Determining one device—and its owner—from another is still an inexact science, said Andy Bovingdon, vice president of marketing for Bango, a third-party mobile content distributor that developed a mobile analytics business for the use of its customers.
Most devices do not identify IP addresses of their own, relying on instead on a proxy server in the network. The end result is that multiple users can be sharing the same IP address at any given moment and an individual user could be accessing the same Website from multiple IP addresses throughout a day.

Alternating IP addresses are fairly common in the wired Web world also, but the problem is usually solved by embedding cookies in a Web browser. Many mobile browsers, however, do not accept cookies, making that form of tracking another dead end.
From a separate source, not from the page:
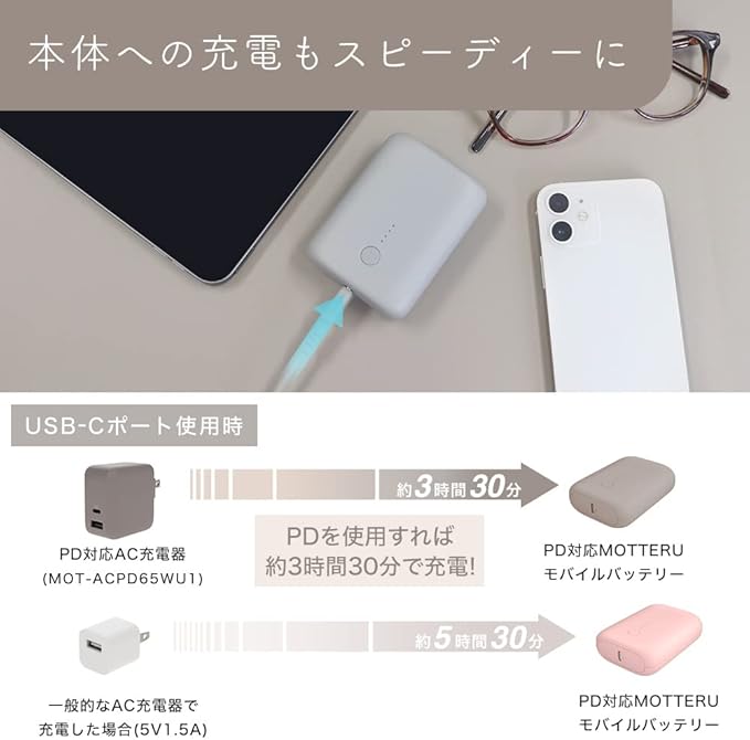 MOTTERU(モッテル) モバイルバッテリー 大容量 10,000mAh 174g PD18W入出力 PSE認証 iPhone16e 16 15 iPad Galaxy Android スマートフォン タブレット 各種機器対応 エアリーホワイト MOT-MB10001-WH

Many of the mobile analytics companies have resorted to Web beacons, a tiny image the size of a pixel embedded in the browser that uniquely identifies a device. Even still, not every device accepts such beacons. Bango sometimes has to resort to identifying device by a profile, which requires detecting the unique settings on a particular device and associating it with a particular carrier and geography, Bovingdon said. This is akin to identifying a particular car by its color, accessories and the town it is located in rather than a unique identifier such as a license plate. Consequently Bovingdon said that kind of profiling only works with the least popular devices and for customers of smaller carriers.

Despite those obstacles, Bango has developed unique identifiers for 25 million different users, Bovingdon said, and can peg 99% of the devices traversing its customers’ sites as unique users. Once those identifiers are in place, Bango can use them to develop specific customer profiles. Some of that information is collected by tracking a customer across the sites that Bango powers, other information is collected through random surveys and through registration on specific sites. But Bango can tell a lot about a customer just by what carrier he or she uses.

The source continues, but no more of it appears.